The filtered SNP calls generated for each genotype under test were compared and collated using in-house Perl scripts, with the workflow summarized in Fig. 1. Briefly, .vcf files containing SNP calls for different genotypes aligned to the Ae. tauschii 5D gene-related reference sequences from accession MvGB589 were combined, sorted, and assigned unique SNP IDs based on their position in the reference sequences. As the most comprehensive dataset available, the genomic DNA reads from Ae. tauschii AL8/78 were used to filter the resulting summary table. Only positions in the reference to which AL8/78 reads aligned at a depth of 10 or more were retained, and the genotype of AL8/78 at every position called as a SNP in one or more of the other accessions but not AL8/78 was re-checked.
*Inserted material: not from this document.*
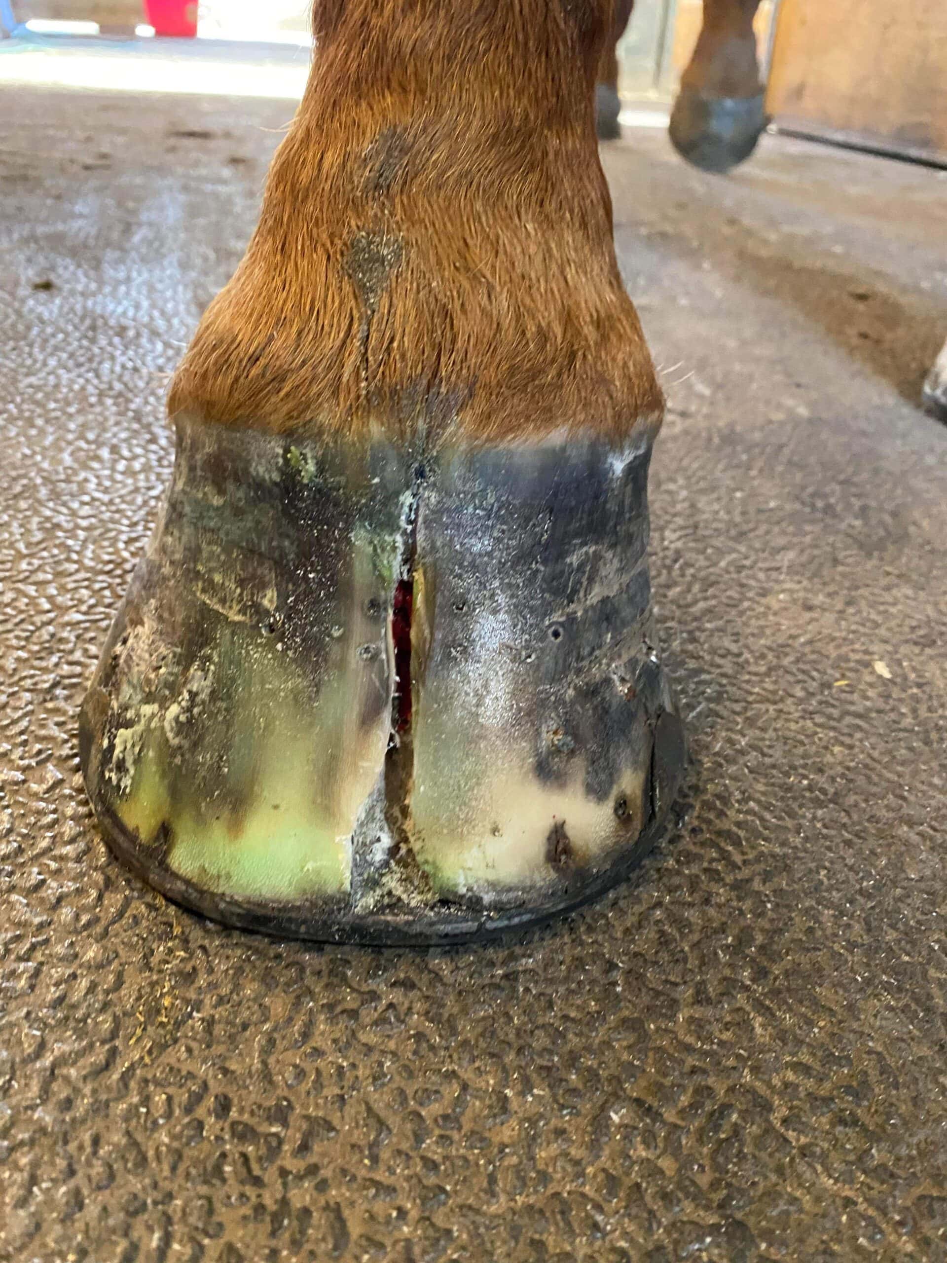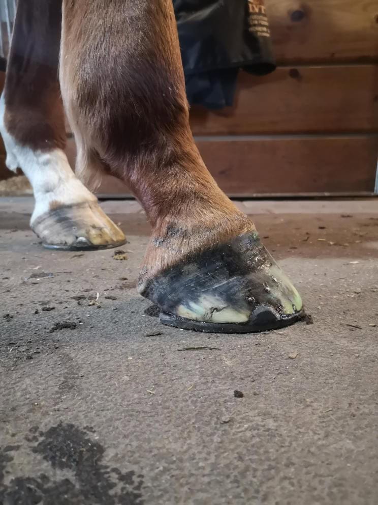 I had to remove shoes because my horses feet were falling apart in them. The Omneity product has helped the hooves heal in a fairly short time frame. I am having less trouble with thrush as well. I have him in boots for riding now. I highly recommend the Omneity product. The folks at Mad Barn have been very helpful in my journey of learning about horse nutrition.

In most cases, AL8/78 matched the reference sequence, but in some positions, AL8/78 also had indications of sequence variation but had not been called as an SNP owing to high sequence depth or low mapping quality. These instances were accepted as genuine SNPs based on the strength of the evidence from other accessions.
Furthermore, each Ae. tauschii SNP was compared with its corresponding position in T. aestivum var. Chinese Spring. Firstly, gene-related sequences from Chinese Spring 5D chromosome (Lucas et al. 2014) were used to construct a BLAST database. Then, a segment of sequence centered on each SNP was excised from the Ae. tauschii MvGB589 reference dataset and searched for the best match in the Chinese Spring 5D sequences using blastn, requiring a minimum of 90% sequence identity over at least 60 nt. The optimum length of the SNP-centered sequence segment to search for was determined empirically by carrying out searches with segment lengths of 60, 80, 100, and 120 nt and comparing the number of matches to these segments at different percentage sequence identities. Most matches were the same in all of these searches; however, the total number of matches increased slightly with segment length. It was observed that up to 100 nt, the increase was primarily at high identity (>98%) whereas at 120 nt, most of the increase was at 90–96% identity, suggesting that less reliable alignments were beginning to be included (Fig. 2). Therefore, 100 nt was selected as the optimum segment length. For the matches obtained to these segments, the equivalent base in Chinese Spring 5D for each Ae. tauschii SNP position was added to the summary table of all SNPs (Supplementary Table S1).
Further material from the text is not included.